The Professor looked perplexed. "Why do you pal around with him, Mr. Montpelier? He insults you, borrows money that he never repays, and often puts a football under the back of his shirt, the better to mock you. Don't you deserve better?"

Elmo shrugged. "My Aunt makes me do it. She's rich and kinda nuts. Auntie says it's a moral test: if I can hang out with Jimmy all through Quillham, there isn't anything I can't do in life. And after graduation, she'll pay for an operation to remove my hump. I'd rather have the operation now and worry about the rest of my life later, but that's the way it goes."

"'That's the way it goes,'" sneered Jimmy in a mocking sing-song.

The professor sighed, seemed about to comment, but returned to the original matter. "In any case, that plaster Gnome with its vacant politician's smile, has stood upon the lawns of Quillham for 113 years. It is part of our rich heritage. Now suddenly it's gone. What do you know, Mr. Caper?"

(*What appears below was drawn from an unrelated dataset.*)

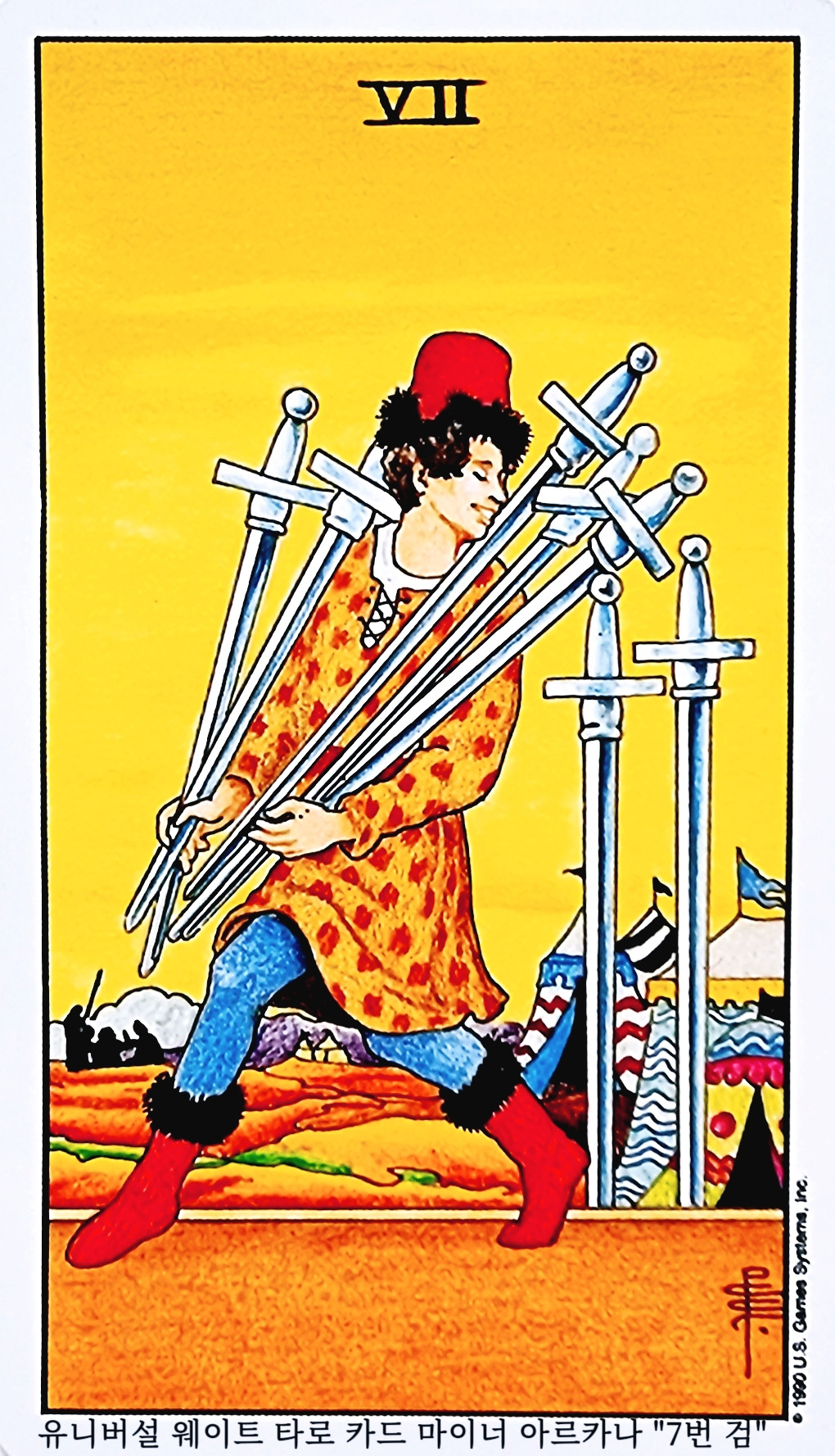 2. 현재 자리에는 7번 검(SEVEN of SWORDS) 카드가 나왔다.

"Man, are you whoofing or what? I didn't take your stupid Gnome. But I'll bet I could find out who did. I bet I could find out before you."

"Really, Mr. Caper? You've had a little success solving small mysteries around here. Some people even think you're a regular Sherlock Holmes."

"Who's that?"

"Skip it. But I think you've benefited from blind pig luck and observant companions."

"That's a load," yelled Jimmy. "I'm the smart one. I'm the one who figures things out. And I'll find that gnome and you'll look as dumb as an old wino eating pizza rolls under a bridge."

With a whistling crack, the professor brought the ash cane down on Jimmy's hand.

"Owww! What was that for?"

"Metaphorical insults count the same as real ones. Very well, Mr. Caper. Locate the gnome and we'll discuss intelligence later."

Jimmy smirked. "What do I get for finding it?"

Professor Mancrisp held up the ash cane. "Think more along the lines of what you won't get."

Outside the faculty building, Jimmy and Elmo walked quickly, pulling Quillham blazers tight around their collars in the crisp autumn air. Jimmy seethed, shaking his sore hand. "Where does that old fart get off hitting me?"

"I don't know," said Elmo, still enjoying the moment.

Jimmy seemed mystified. "Nothing sticks to him. I've ratted the professor out to Child Protective Services for beating me with that stick. I've planted kiddie porn on his computer and called the feds. I've told the cops he was an old fruit who tried to queer me. I swear, the guy is made of lucite. Stuff that's worked with every teacher, parent, child psychologist, social worker, and counselor just slides off old Mancrisp. What's worse, he's becoming a hero to other adults. I gotta find a way to pull the plug on Dr. Pizza Roll."

Elmo struggled to keep up with Jimmy."What about the gnome?"

"How the hell should I know? You got five?"

Elmo handed him a new five-dollar bill. "Thanks, McKinley," said Jimmy as he jogged across the quad, away from the hunchback. "I'm gonna get a burger at the student center. Why don't you ask around, see what we can dig up on the gnome. Are we cool?"

"Hey, no problem," called Elmo to Jimmy's back. For a brief moment, he wished he could mentally kill people like in Firestarter, but the moment passed as Elmo wearily waddled off toward the administration building.